> _WHAT IS REQUIRED_: Here is the task for the listing below: output exactly the lines from the one containing "Ausziehbares Assistenzelement mit" through the one containing "2.在游戏中扮演大力水手波派,通过跑酷的形式避免各种障碍物,解救自己喜欢的人。", and leave out the pictures.

> _MATERIAL SHOWN_:

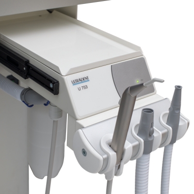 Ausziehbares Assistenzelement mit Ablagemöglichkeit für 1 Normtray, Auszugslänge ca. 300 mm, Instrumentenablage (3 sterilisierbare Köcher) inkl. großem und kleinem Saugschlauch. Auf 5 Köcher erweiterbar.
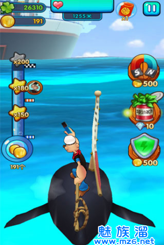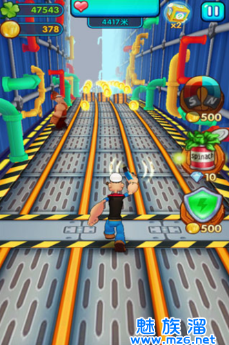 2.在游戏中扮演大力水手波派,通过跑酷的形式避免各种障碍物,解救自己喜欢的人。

==

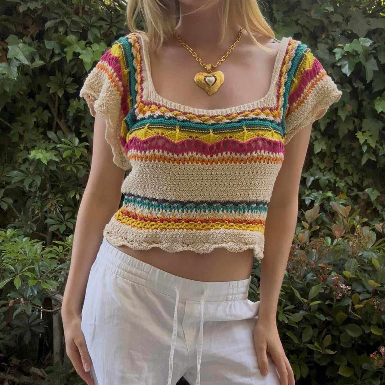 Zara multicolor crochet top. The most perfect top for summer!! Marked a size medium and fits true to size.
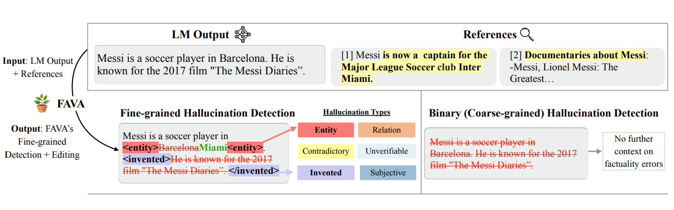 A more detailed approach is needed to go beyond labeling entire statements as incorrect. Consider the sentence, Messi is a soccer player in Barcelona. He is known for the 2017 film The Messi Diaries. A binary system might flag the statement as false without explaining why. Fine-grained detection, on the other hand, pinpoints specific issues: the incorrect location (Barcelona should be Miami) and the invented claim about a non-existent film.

==

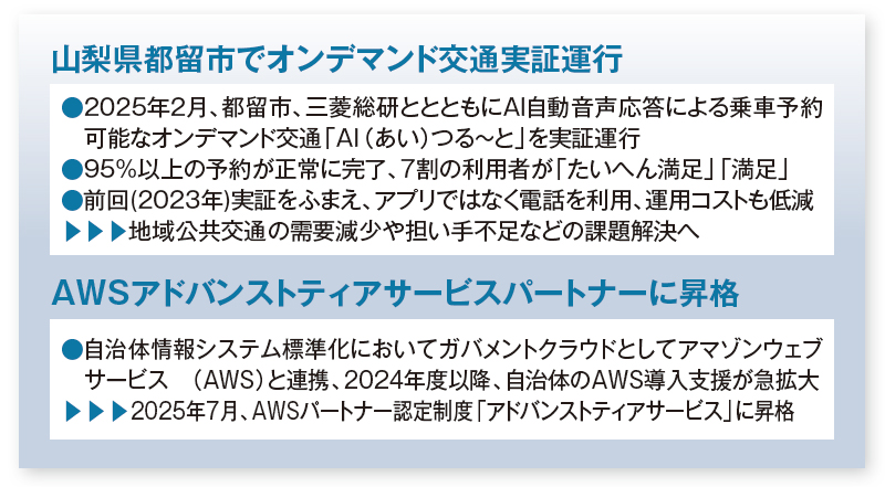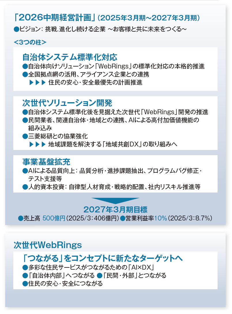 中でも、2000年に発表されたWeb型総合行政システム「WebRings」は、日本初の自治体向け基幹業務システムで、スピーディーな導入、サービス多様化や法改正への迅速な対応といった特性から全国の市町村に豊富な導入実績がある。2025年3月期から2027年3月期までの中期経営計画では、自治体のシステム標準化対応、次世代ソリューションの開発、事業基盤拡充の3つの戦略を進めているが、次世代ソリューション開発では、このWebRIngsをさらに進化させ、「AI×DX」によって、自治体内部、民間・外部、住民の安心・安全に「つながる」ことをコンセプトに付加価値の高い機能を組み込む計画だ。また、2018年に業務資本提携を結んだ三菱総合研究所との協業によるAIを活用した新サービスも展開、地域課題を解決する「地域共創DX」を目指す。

> _ANSWER BELOW_:
 Ausziehbares Assistenzelement mit Ablagemöglichkeit für 1 Normtray, Auszugslänge ca. 300 mm, Instrumentenablage (3 sterilisierbare Köcher) inkl. großem und kleinem Saugschlauch. Auf 5 Köcher erweiterbar.
 2.在游戏中扮演大力水手波派,通过跑酷的形式避免各种障碍物,解救自己喜欢的人。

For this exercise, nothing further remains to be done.